II. LA PROPOSITION DE LOI PERMET D'ADAPTER LE RÉGIME DES ARRÊTS MALADIE AUX SPÉCIFICITÉS DES DYSMNÉNORRHÉES
A. LA CRÉATION D'UN ARRÊT DE TRAVAIL SUI GENERIS, ADAPTÉ AUX PARTICULARITÉS DES DOULEURS MENSTRUELLES
1. En France, quelques organisations pionnières expérimentent un « congé menstruel »
Si aucune disposition spécifique d'aménagement du temps de travail en cas de dysménorrhée n'existe à ce jour en droit français, certaines organisations ont d'ores et déjà décidé d'expérimenter un « congé menstruel » dans un souci d'améliorer les conditions de travail de leurs employées.
Les collectivités territoriales ont été pionnières en la matière, la commune de Saint-Ouen-sur-Seine a par exemple mis en oeuvre une autorisation spéciale d'absence de deux jours par mois sur présentation d'un justificatif médical, avant que la commune de Bagnolet et les métropoles de Lyon et Strasbourg n'emboîtent le pas avec des dispositifs similaires.
Certaines entreprises ont également prévu des adaptations : si l'exemple très médiatique de Carrefour ne concernera qu'un champ restreint aux salariées ayant une RQTH, d'autres grandes entreprises comme L'Oréal ou plus petites comme la coopérative La Collective sont également expérimentatrices.
2. La proposition de loi propose la création d'un « congé menstruel » sous la forme d'un arrêt de travail cadre d'au plus deux jours par mois, indemnisé sans jour de carence
Les expérimentations de « congés menstruels » en France le démontrent : il existe une indéniable et légitime attente des salariées souffrant de dysménorrhées pour une meilleure prise en compte de leurs douleurs menstruelles dans le milieu professionnel.
La proposition de loi vise à y apporter une réponse en créant, en son article 1er, un nouveau type d'arrêt de travail adapté aux particularités des douleurs menstruelles.
Prescrit par le médecin ou la sage-femme, cet arrêt de travail serait novateur en ce qu'il serait valable pour une durée d'un an et ouvrirait droit à l'assurée souffrant de dysménorrhée d'interrompre le travail deux jours par mois au plus. Cette dérogation au droit commun s'explique par la récurrence et la cyclicité des douleurs menstruelles tant que par leur caractère le plus souvent bénin.

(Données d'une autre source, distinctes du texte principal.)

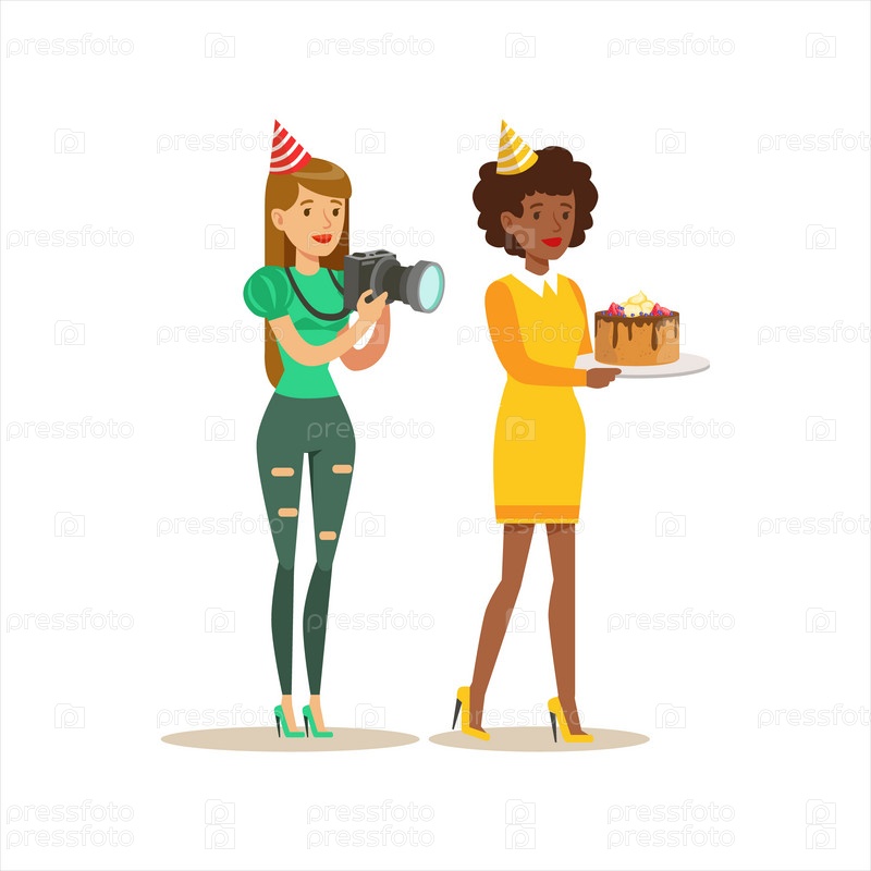 Две женщины приносят торт
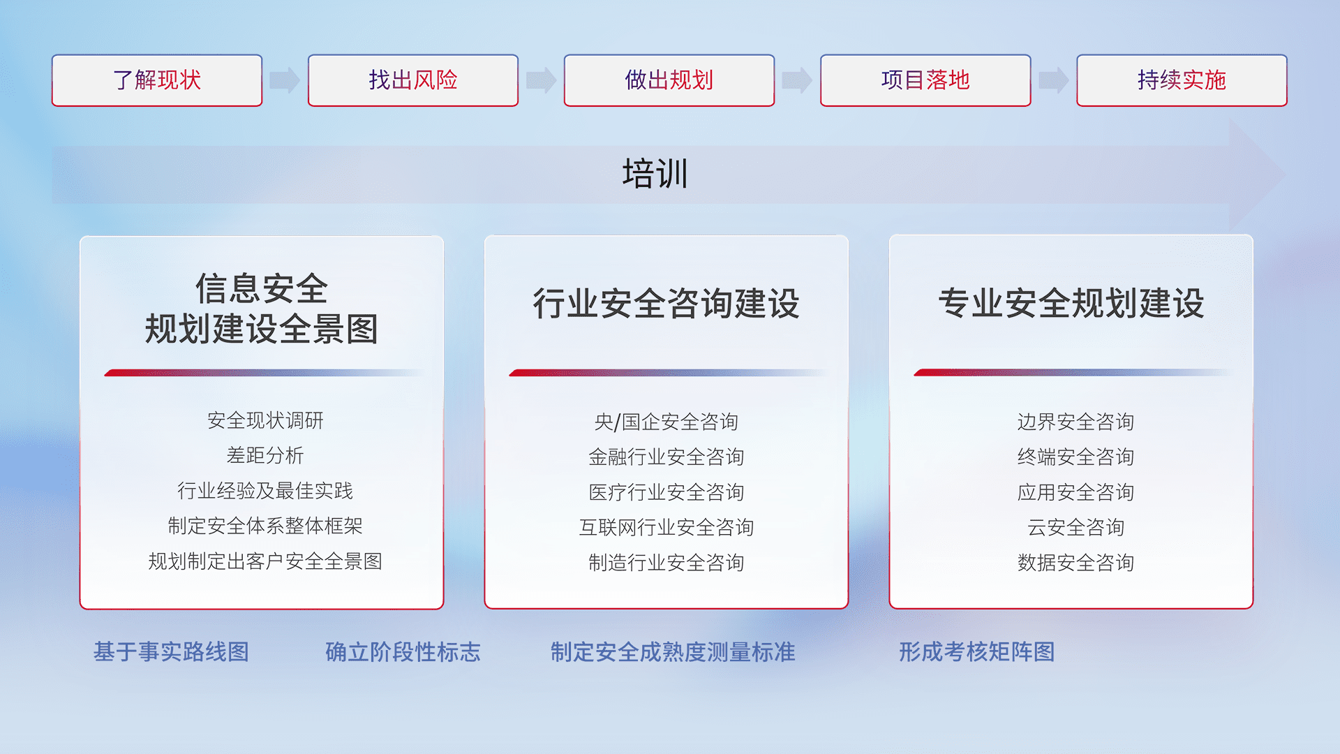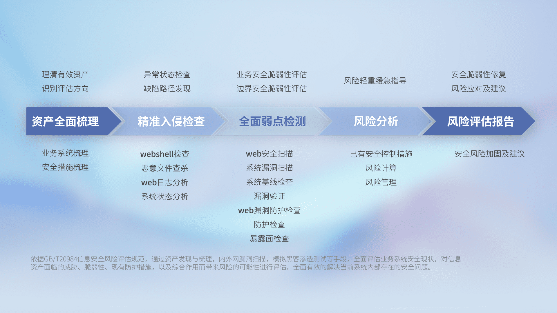 针对客户行业特性,,,,以专业的安全服务+多厂商联合解决方案提供专属的一站式安全管理服务,,,帮助客户全面感知网络空间威胁,,,基于识别、、、、检测、、、分析、、、、防护、、、、监测、、、响应的服务理论模型,,,从方案咨询、、、、集成交付、、、、评估验证、、、优化加固、、、、运维运营,,致力于为客户提供完整的闭环管理式安全服务。。以实战经验为客户打造高抵御风险的安全体系,,帮助客户发现威胁、、对抗威胁、、处置威胁,,不断积累安全对抗能力,,,持续保障数字化安全。。
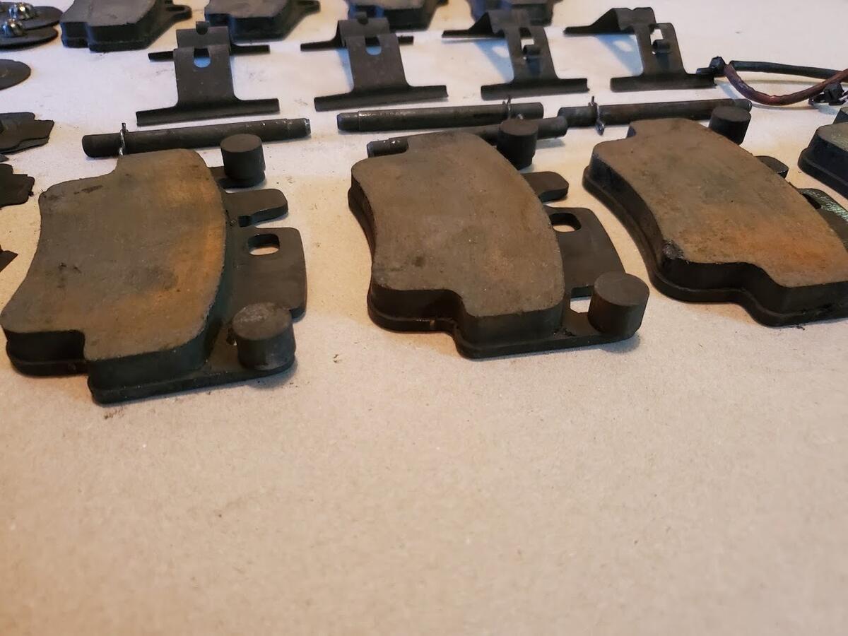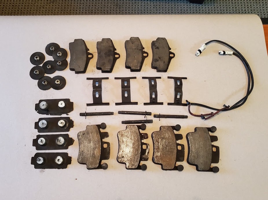 Includes a set of nearly new pads, caliper hardware, pad dampeners and pad wear sensors.
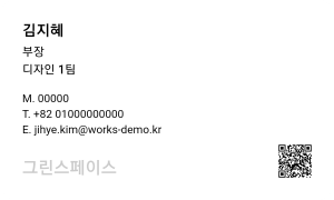 - 세로형, 명함: Admin > PC웹에 등록된 로고가 표시됩니다.
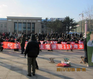 而在同一时刻,山东烟台市的企业军转干部、转业志愿兵、参战老兵及其他转复退役军人聚集在烟台市文化广场,纪念毛泽东冥诞。参加活动的王秋兰对记者说:“今天烟台市的军转干部到文化广场去搞纪念毛主席诞辰118周年活动。有讲话,讲了一些要求落实政策的一些问题。今天去的差不多到最后人员逐渐增加到一千来人。打着四个横幅标语还有一些展板”。
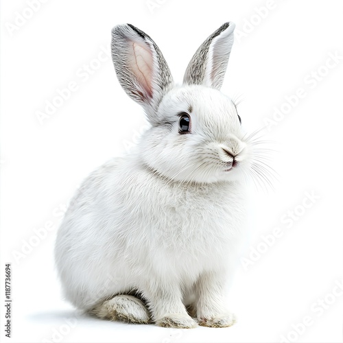 © ardanz, Obraz premium White rabbit sitting, studio shot, isolated background, Easter symbol
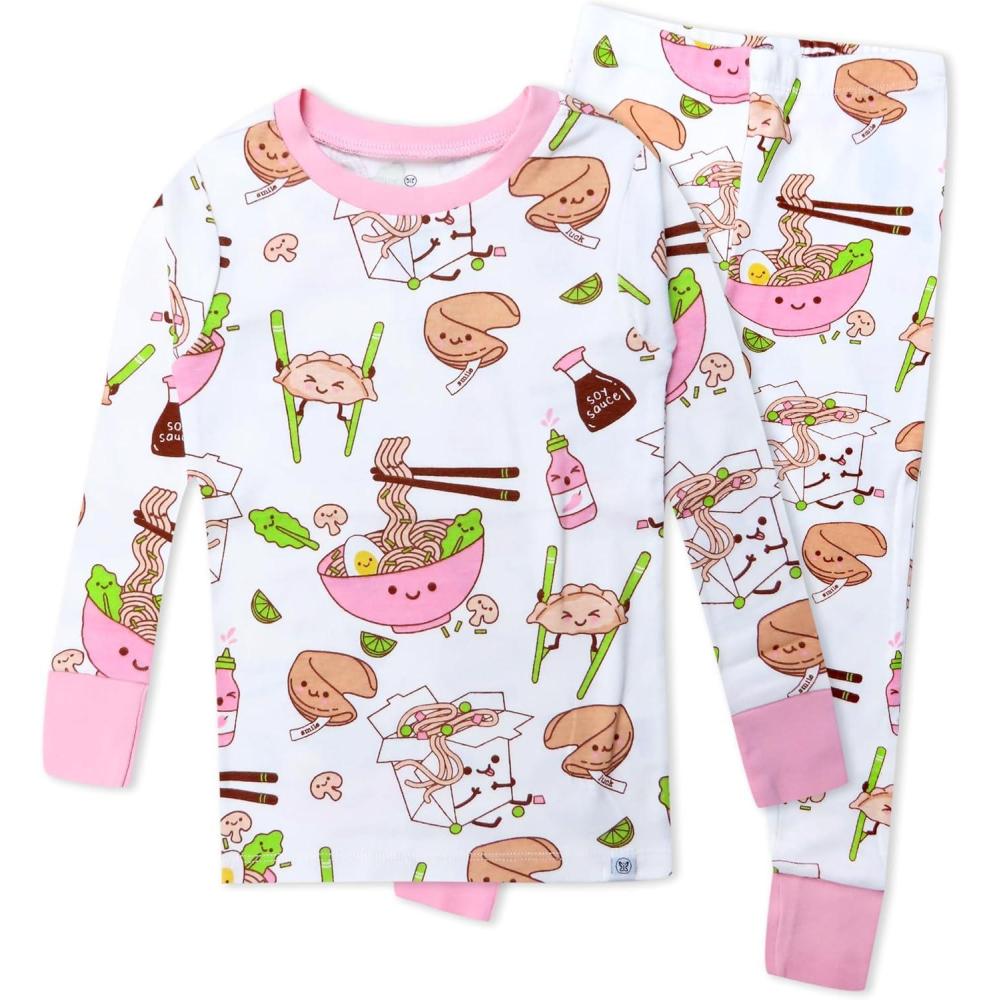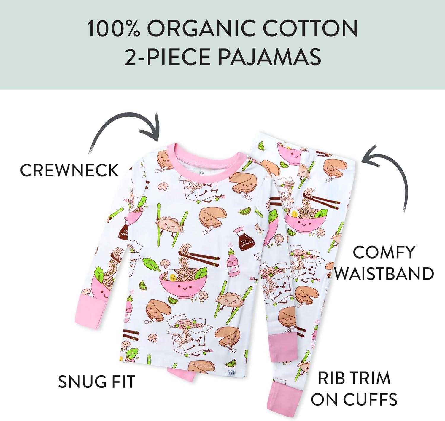 HonestBaby baby-girls 2-piece Pajamas Sleepwear Pjs 100% Organic Cotton for Baby, Toddler, Kids, Girl(Wok N Roll Pink)

L'assurée bénéficierait alors d'un « crédit » de deux jours d'arrêt de travail à utiliser chaque fois que ses douleurs menstruelles le rendent nécessaire. Cela allègerait les démarches de l'assurée, qui n'aurait plus à consulter à chaque période de menstruation douloureuse, libérerait du temps médical dans un contexte de tension sur l'offre de soins et permettrait même aux femmes dont les douleurs menstruelles sont trop intenses pour effectuer une consultation d'avoir recours à un arrêt de travail.

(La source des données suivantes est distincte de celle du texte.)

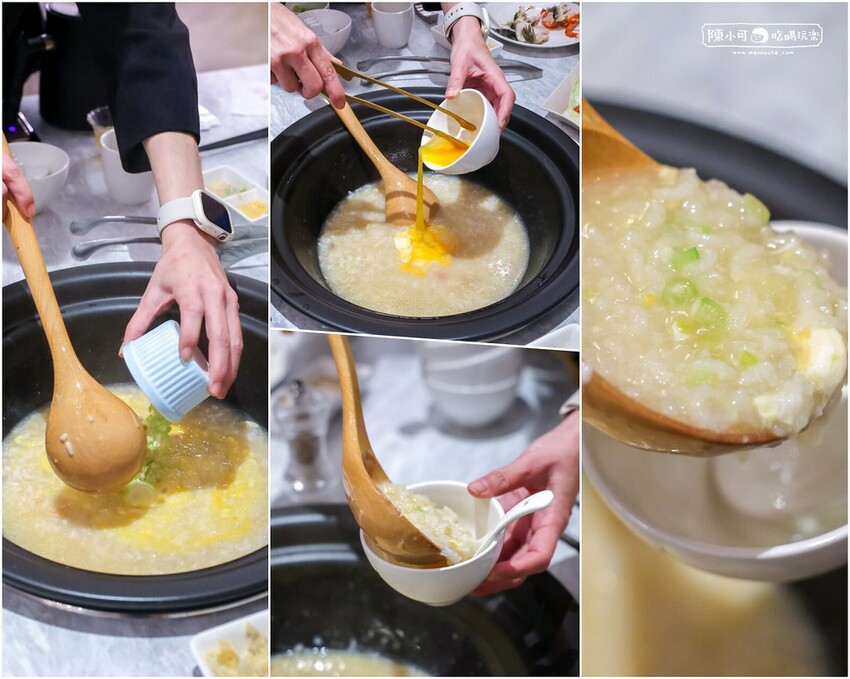 來到讓人期待的粥品,看著各種海鮮、肉品和蔬菜們的加持,鍋底早已注入滿滿的甜味。
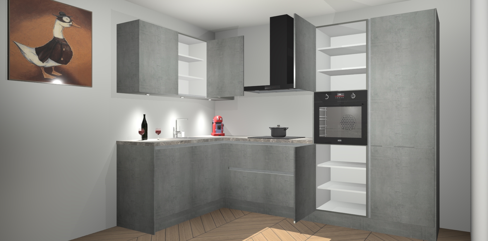 De Beton Parelgrijs greeploze keuken Cognac gaat alleen maar om de beste keukenervaring. Kies gewoon de beste apparatuur en ongeëvenaarde Duitse constructie die u thuis wilt hebben en verander uw huiskamer hartelijkheid meteen in professionaliteit. Laat de toon weten dat u gemakkelijk kan genieten van alle luxe die u verdiend? Bestel nu de Beton Parelgrijs greeploze keuken Cognac voor bij u thuis!
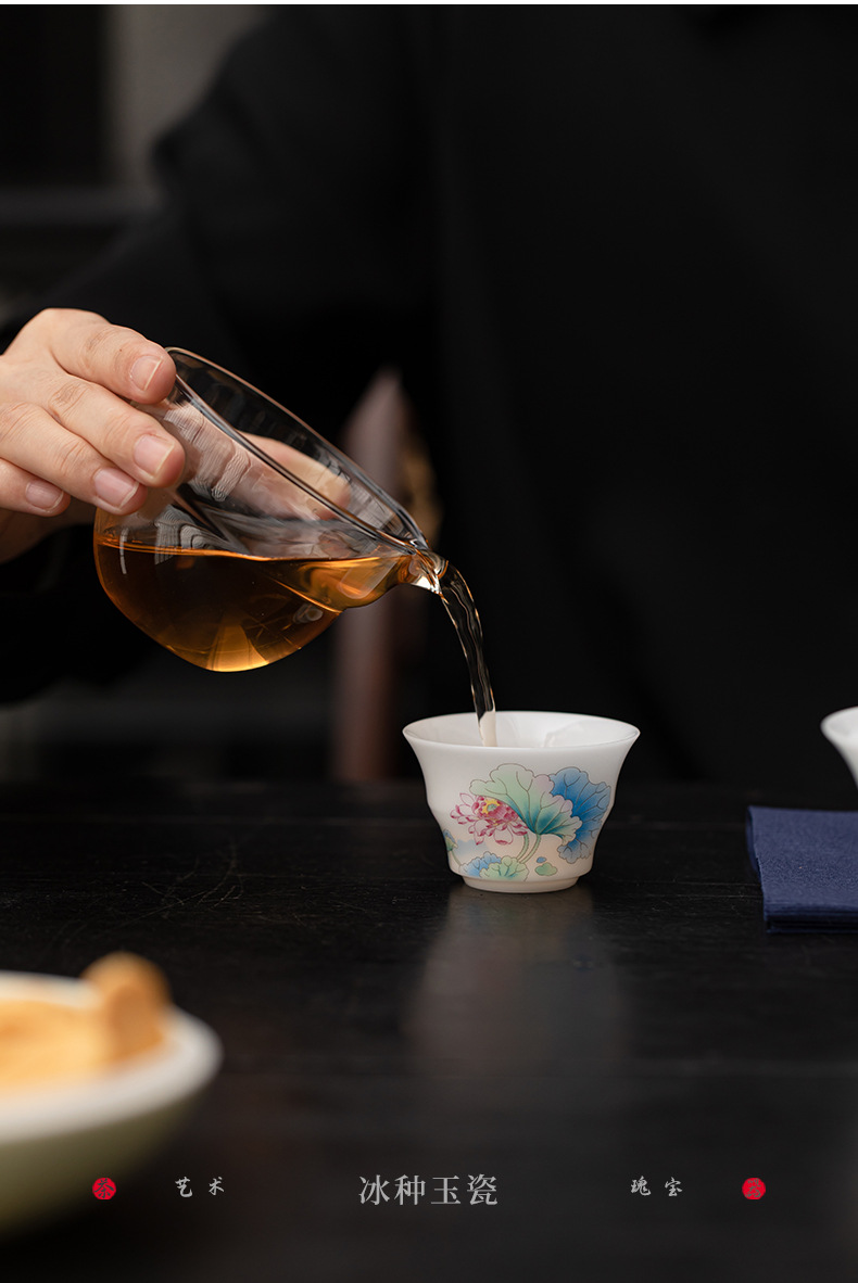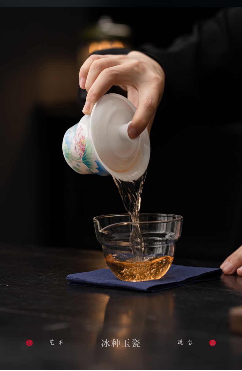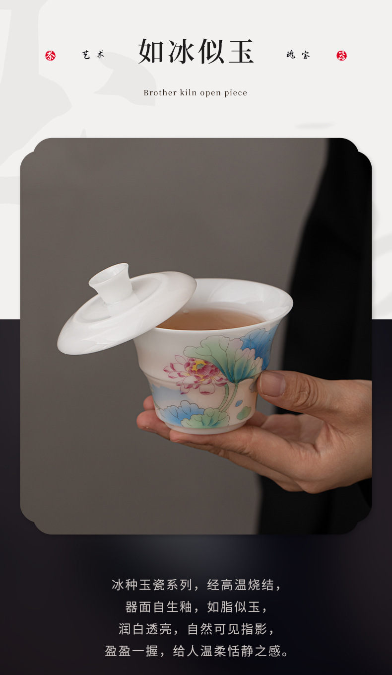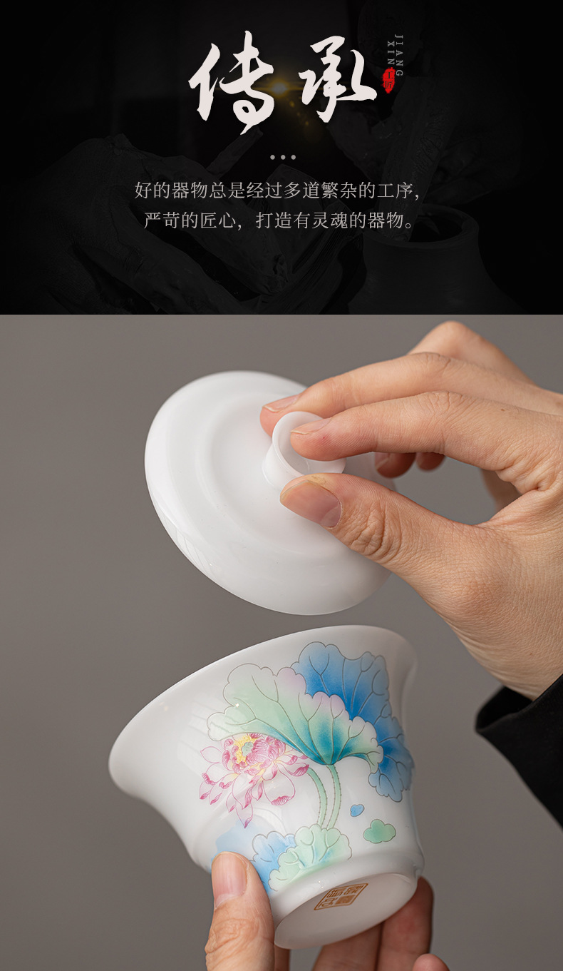 - Bộ trà du lịch hoa sen bằng sứ ngọc bích phong cách Trung Quốc mới ngoài trời di động nhanh cốc gốm sứ một bát ba cốc trà

Cet arrêt de travail menstruel ne ferait, en outre, pas l'objet d'un délai de carence, aux termes de l'article 2. La suppression du délai de carence, déjà appliquée pour les arrêts liés à une affection longue durée1(*) ou pour les arrêts en cas d'interruption spontanée de grossesse, garantira une indemnisation par la sécurité sociale des arrêts menstruels dès le premier jour.

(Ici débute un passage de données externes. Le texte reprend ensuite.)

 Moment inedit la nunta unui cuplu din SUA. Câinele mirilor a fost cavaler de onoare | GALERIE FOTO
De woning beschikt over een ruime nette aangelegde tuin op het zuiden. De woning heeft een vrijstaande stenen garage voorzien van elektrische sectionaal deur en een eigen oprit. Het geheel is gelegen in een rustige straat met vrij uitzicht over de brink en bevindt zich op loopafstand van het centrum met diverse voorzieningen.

Parcours des assurées souffrant de
dysménorrhées pour se faire prescrire
un arrêt de
travail
Source : Commission des affaires sociales du Sénat
En cas d'adoption du texte, les salariées qui recourraient à l'arrêt de travail menstruel resteraient protégées en droit contre toute discrimination à l'embauche, à la promotion ou à la rémunération.
L'article 3 prévoit que les arrêts de travail dans le cadre du « congé menstruel » soient pris en charge à 100 % par la sécurité sociale, un traitement dérogatoire plus favorable que les arrêts de travail de droit commun, pris en charge à 50 %.
Malgré la spécificité des douleurs menstruelles, la rapporteure a, dans un souci d'équité, amendé le texte pour supprimer cet article. Il ne lui a en effet pas paru justifié d'instaurer des différences de traitement entre les différentes pathologies dans le niveau de prise en charge par la solidarité nationale.
En tout état de cause, ce dispositif serait financé par la sécurité sociale, et non par l'employeur. Selon des estimations de la DGOS sur un champ restreint à l'endométriose, le coût pour la sécurité sociale d'un arrêt de travail menstruel sans délai de carence avoisinerait 100 millions d'euros par an.
* 1 À l'exception du premier arrêt en lien avec une ALD.